= Ceunant Llennyrch National Nature Reserve =

Woodland reserve in Gwynedd, Wales

Ceunant Llennyrch National Nature Reserve is one of several woodland reserves in the Vale of Ffestiniog in Gwynedd, Wales and runs from Llyn Trawsfynydd to the River Dwyryd, near the village of Maentwrog.

The reserve's broad expanse of woodland coats a steep-sided gorge, through which the Afon Prysor cascades. At one point, the river is flanked by 100 ft high cliffs, which face each other only 10 m apart. The high humidity offered by the falls creates the perfect environment for numerous damp-loving plants, due to the high humidity and high rainfall, it is technically a temperate rainforest.

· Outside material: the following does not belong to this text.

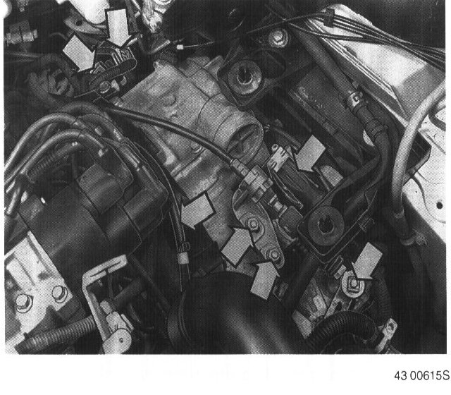 - Cable clamps retaining ground lead/cable harness to the transmission or sub-frame.
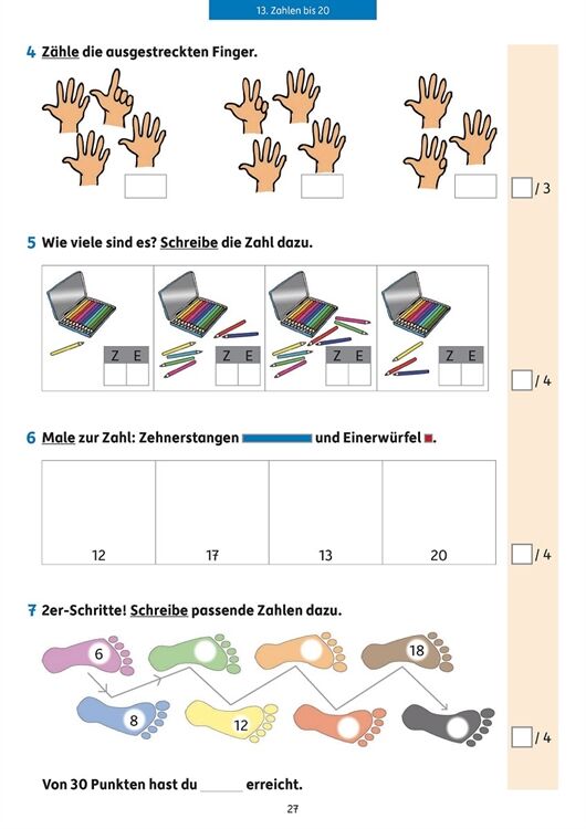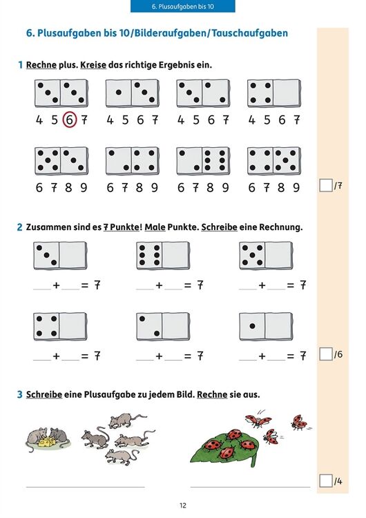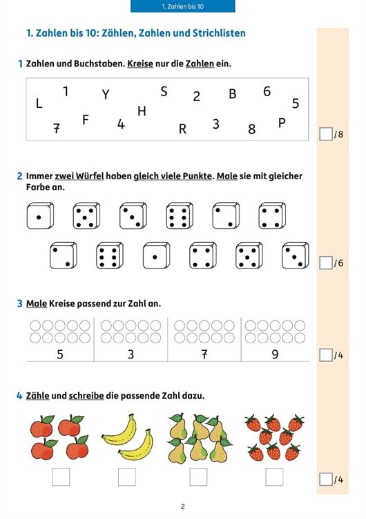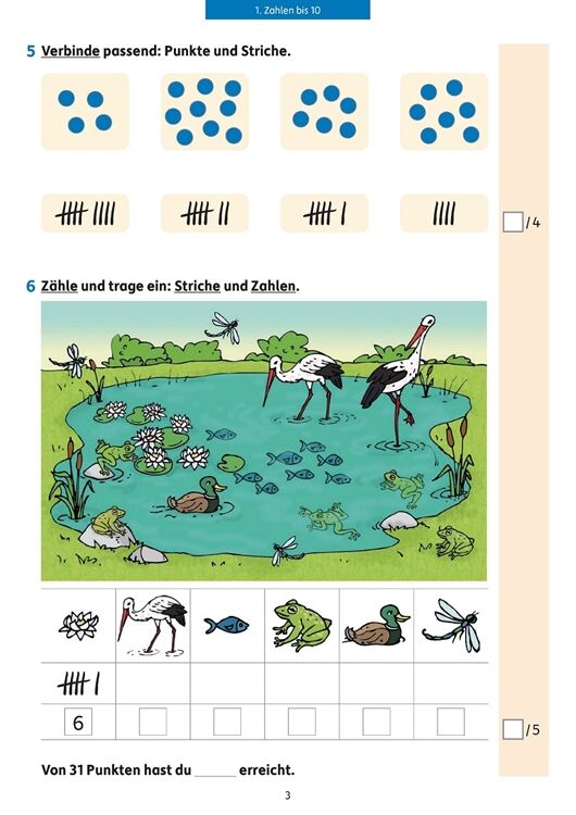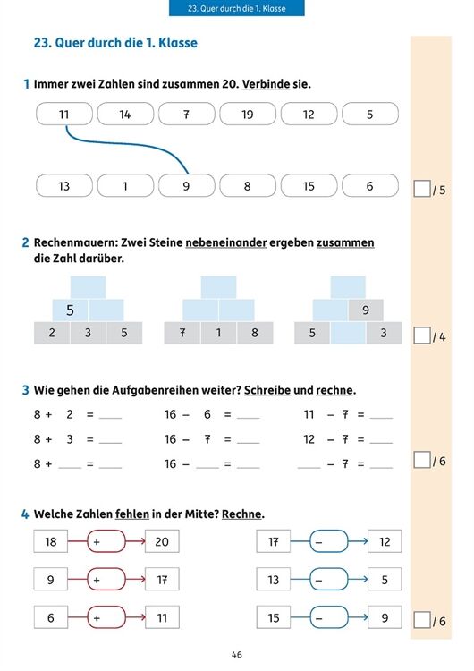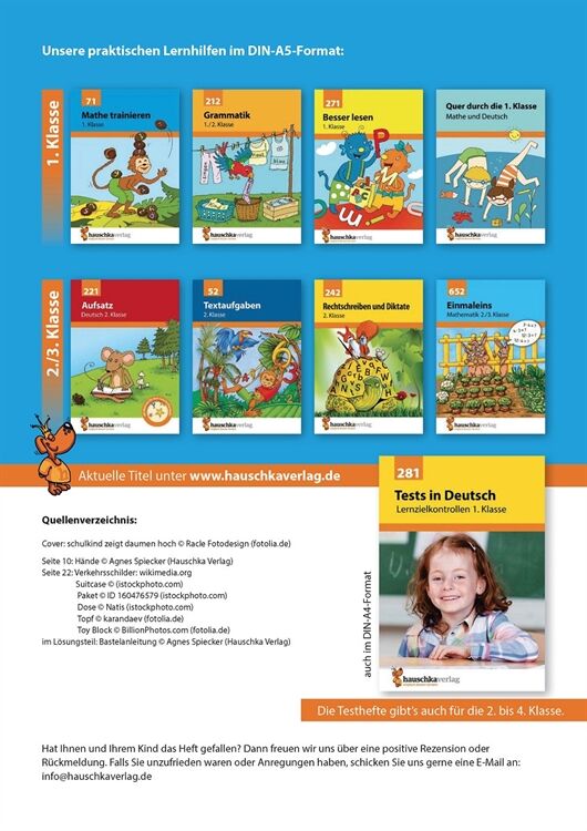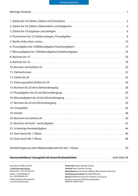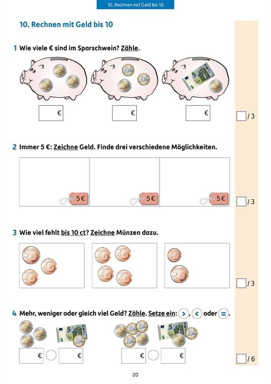 Auch die jungen Abc-Schützen werden in der Schule schon durch kurze Tests herausgefordert. So kommen die Fragen auf: Kann ich das? Habe ich alles verstanden? Ist doch noch etwas unklar? In diesem Heft können sie zeigen, was sie gelernt haben. Übungstest in stressfreier Umgebung zu Hause bieten die Möglichkeit, sich auf Tests in der Schule vorzubereiten. Vielseitige Aufgaben zu allen Bereichen des Mathematikunterrichts werden hier geboten. So gibt es Tests zu folgenden Themen: Zahlenraum bis 10 bzw. bis 20, Addition und Subtraktion auch mit anschaulichen Illustrationen, Rechnen mit Geld, das Lesen der Uhr, einfaches Rechnen mit Zeitpunkten und Zeitspannen, geometrische Grundbegriffe, Zahlenrätsel und Sachaufgaben. Mit Hilfe des Lösungsteils können die Ergebnisse verbessert und bewertet werden. Die Kinder und Sie als Eltern können so gut einschätzen, was die Kinder schon sicher beherrschen oder in welchen Bereichen sie für den Test in der Schule noch üben sollten.

Expanding Llennyrch Nature Reserve

==Background==

In December 2015, the 550 acre forest was bought for a price of £1 million by The Woodland Trust. The woodland has been there since the last ice age, and is so deep that apparently, some parts are untouched by humans.

==Flora==
The forest is exceptionally damp, creating the perfect habitat for nature to flourish. There are over 200 species of liverwort, many forms of moss and lichen too. Trees include sessile oaks, as well as beech, rowan and silver birch. Lichens form on these birches, such as Graphina ruiziana and Parmeliella horrescens. However, the conditions are not kind to flowering plants, due to the shady and damp nature of the environment.

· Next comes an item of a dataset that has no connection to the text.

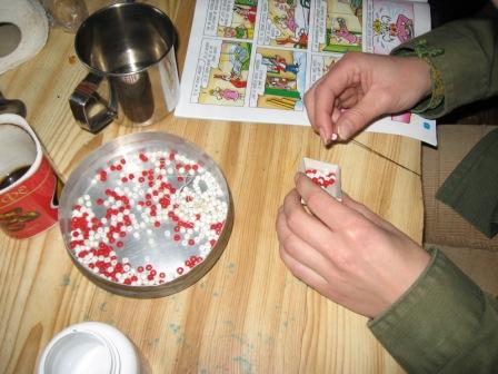 Na Vagóně jsme pak soupeřili v navlékání korálků a přišívání knoflíku druhou rukou.
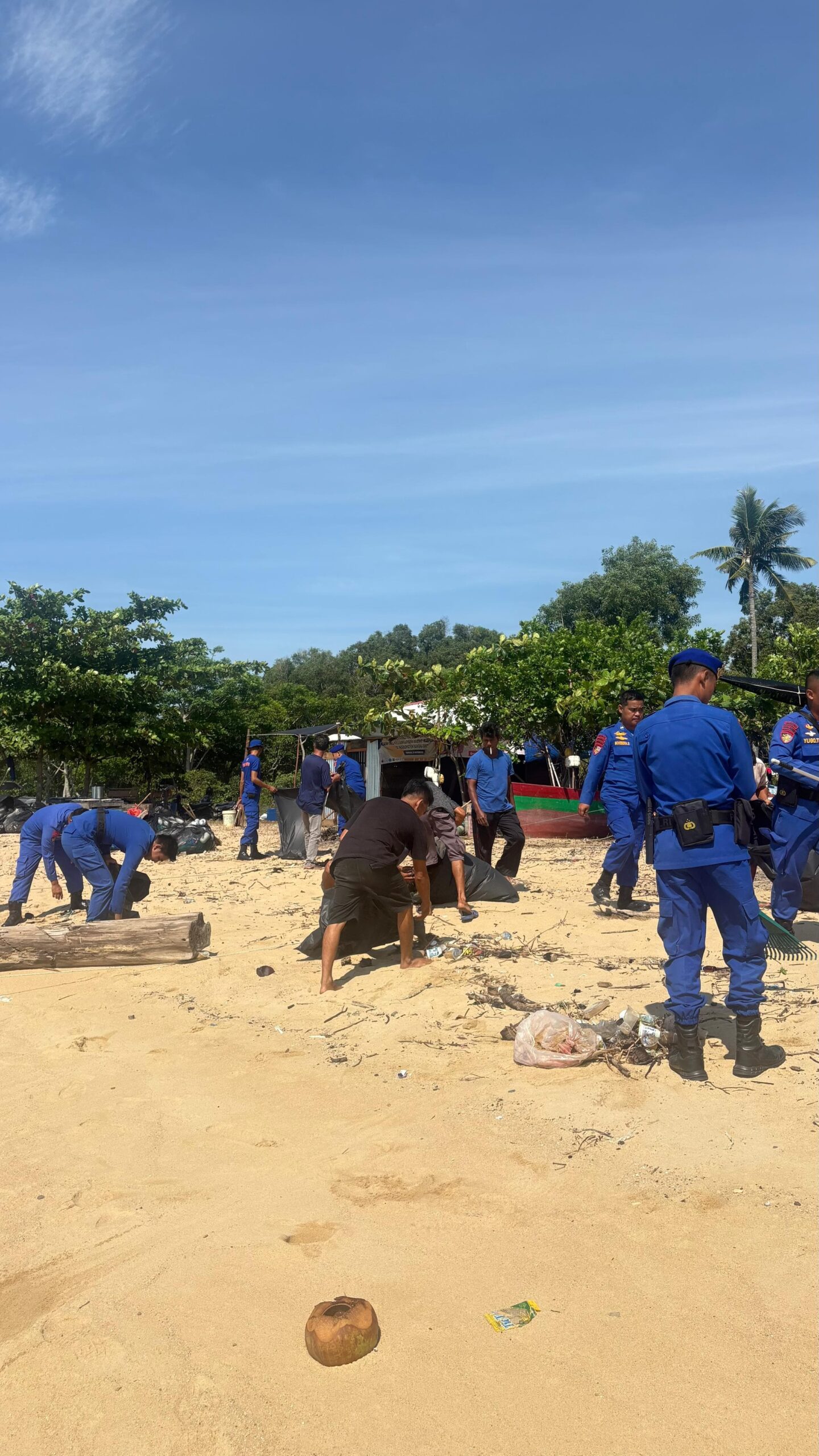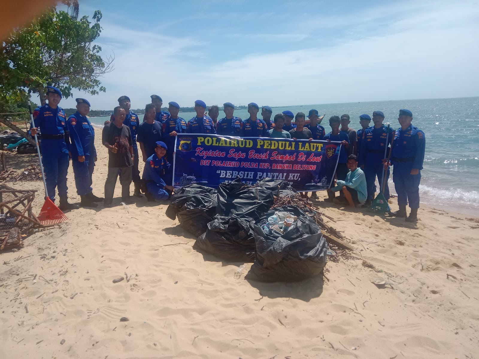 Kegiatan yang dimulai pukul 09.30 WIB ini melibatkan personel Sat Polairud Polres Bangka Barat, Dit Polairud, Forum Infras Nelayan Pesisir, serta Kelompok Nelayan Laut Harapanku. Dengan peralatan sederhana, mereka bergotong royong memungut sampah dan membersihkan pesisir pantai dari plastik serta limbah laut.

The only population of Pyrenula hibernica in Wales is found at Ceunant Llennyrch and was first described in 2005.

==Fauna==

The animals of the woodland are also thriving, with many small mammals such as the wood mouse, otter and bank vole making their homes near the river. Otters have difficulty with food, as the acidity of the river water means that fish are not in abundance. Woodpeckers, common redstarts and European pied flycatchers are amongst the most common birds present. In terms of predators, the mice and voles are easy prey for a buzzard, which are frequently spotted.